> [Data for the task]
═══
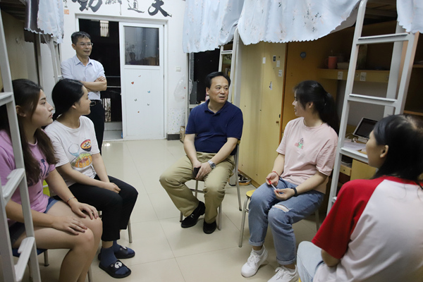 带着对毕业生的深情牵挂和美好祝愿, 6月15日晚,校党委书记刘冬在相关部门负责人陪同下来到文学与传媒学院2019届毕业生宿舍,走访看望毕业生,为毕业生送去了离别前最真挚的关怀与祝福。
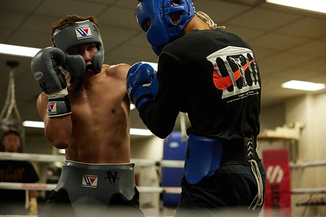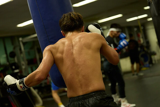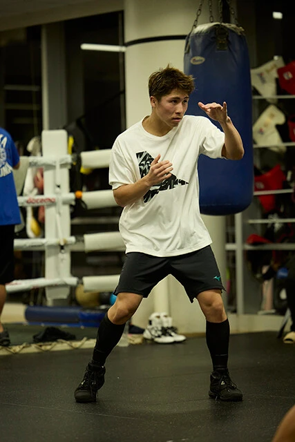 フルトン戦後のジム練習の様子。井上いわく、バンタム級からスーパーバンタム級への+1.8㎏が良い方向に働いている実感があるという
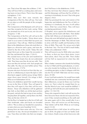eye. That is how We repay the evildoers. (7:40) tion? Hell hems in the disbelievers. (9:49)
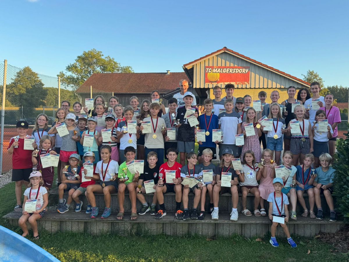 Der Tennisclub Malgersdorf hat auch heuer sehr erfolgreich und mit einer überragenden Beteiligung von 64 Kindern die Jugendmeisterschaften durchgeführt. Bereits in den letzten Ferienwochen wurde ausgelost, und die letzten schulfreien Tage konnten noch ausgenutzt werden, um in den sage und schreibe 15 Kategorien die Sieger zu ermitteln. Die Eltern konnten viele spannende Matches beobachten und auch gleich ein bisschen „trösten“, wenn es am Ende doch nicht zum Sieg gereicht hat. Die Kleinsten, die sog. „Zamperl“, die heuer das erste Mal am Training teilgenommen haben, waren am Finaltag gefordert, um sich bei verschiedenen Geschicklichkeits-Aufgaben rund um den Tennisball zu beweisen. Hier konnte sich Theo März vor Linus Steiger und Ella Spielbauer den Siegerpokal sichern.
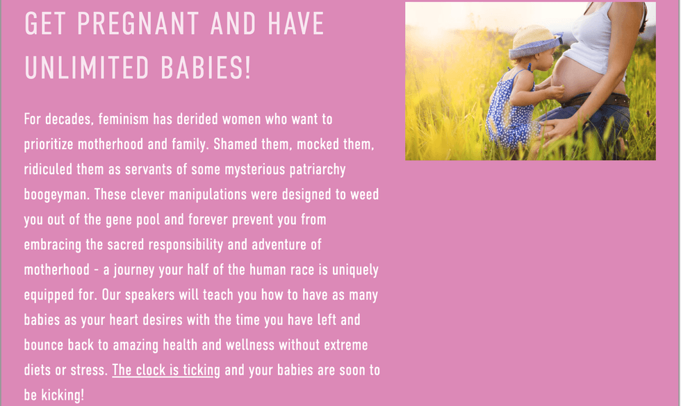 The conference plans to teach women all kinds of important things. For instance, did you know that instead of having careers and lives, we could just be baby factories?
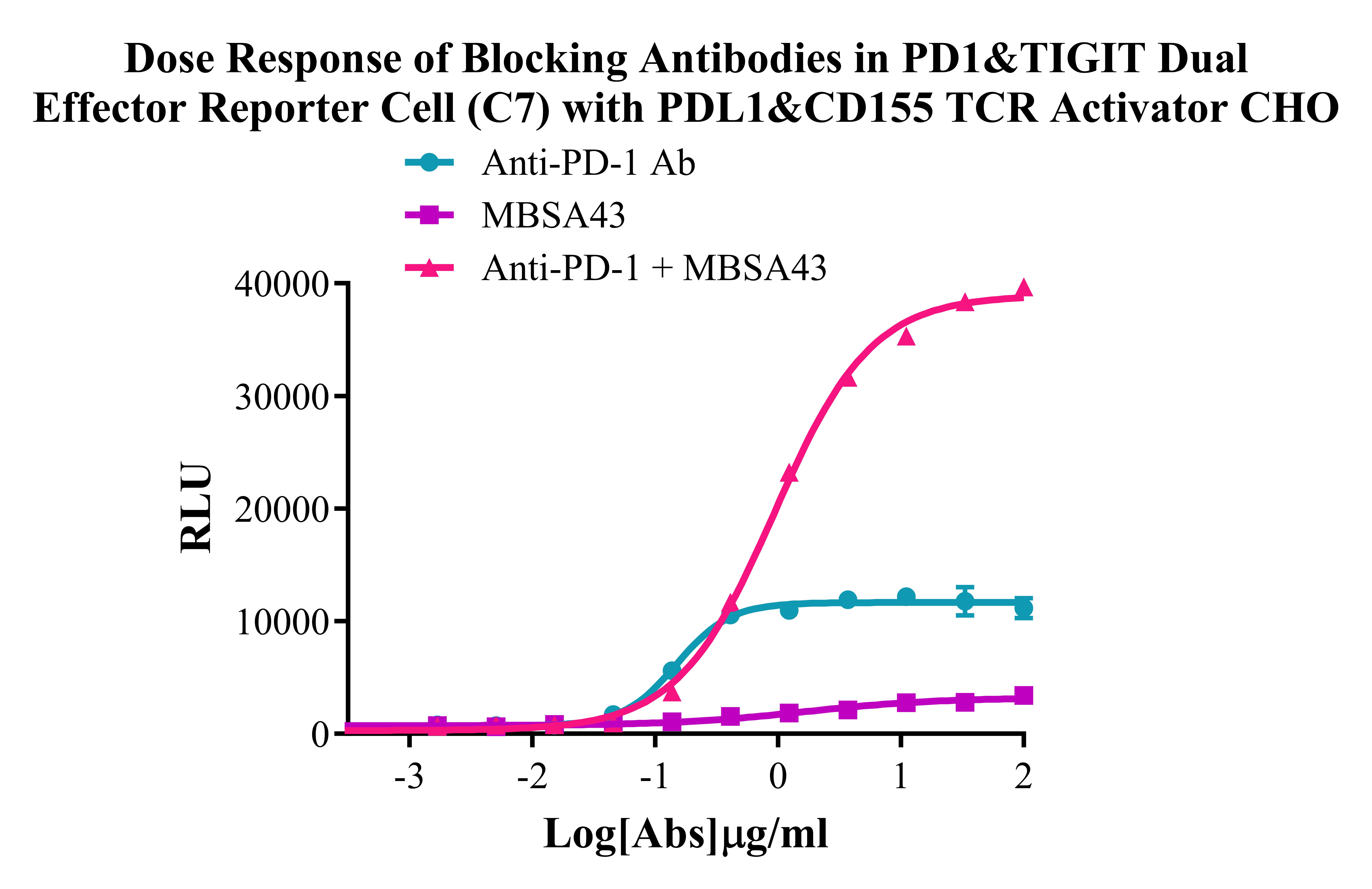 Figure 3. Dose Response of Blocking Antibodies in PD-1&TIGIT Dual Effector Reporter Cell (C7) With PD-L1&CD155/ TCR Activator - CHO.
═══
> [What you should do] Write out the whole listing exactly. Pictures stay out.

> [Response]
 带着对毕业生的深情牵挂和美好祝愿, 6月15日晚,校党委书记刘冬在相关部门负责人陪同下来到文学与传媒学院2019届毕业生宿舍,走访看望毕业生,为毕业生送去了离别前最真挚的关怀与祝福。
 フルトン戦後のジム練習の様子。井上いわく、バンタム級からスーパーバンタム級への+1.8㎏が良い方向に働いている実感があるという
eye. That is how We repay the evildoers. (7:40) tion? Hell hems in the disbelievers. (9:49)
 Der Tennisclub Malgersdorf hat auch heuer sehr erfolgreich und mit einer überragenden Beteiligung von 64 Kindern die Jugendmeisterschaften durchgeführt. Bereits in den letzten Ferienwochen wurde ausgelost, und die letzten schulfreien Tage konnten noch ausgenutzt werden, um in den sage und schreibe 15 Kategorien die Sieger zu ermitteln. Die Eltern konnten viele spannende Matches beobachten und auch gleich ein bisschen „trösten“, wenn es am Ende doch nicht zum Sieg gereicht hat. Die Kleinsten, die sog. „Zamperl“, die heuer das erste Mal am Training teilgenommen haben, waren am Finaltag gefordert, um sich bei verschiedenen Geschicklichkeits-Aufgaben rund um den Tennisball zu beweisen. Hier konnte sich Theo März vor Linus Steiger und Ella Spielbauer den Siegerpokal sichern.
 The conference plans to teach women all kinds of important things. For instance, did you know that instead of having careers and lives, we could just be baby factories?
 Figure 3. Dose Response of Blocking Antibodies in PD-1&TIGIT Dual Effector Reporter Cell (C7) With PD-L1&CD155/ TCR Activator - CHO.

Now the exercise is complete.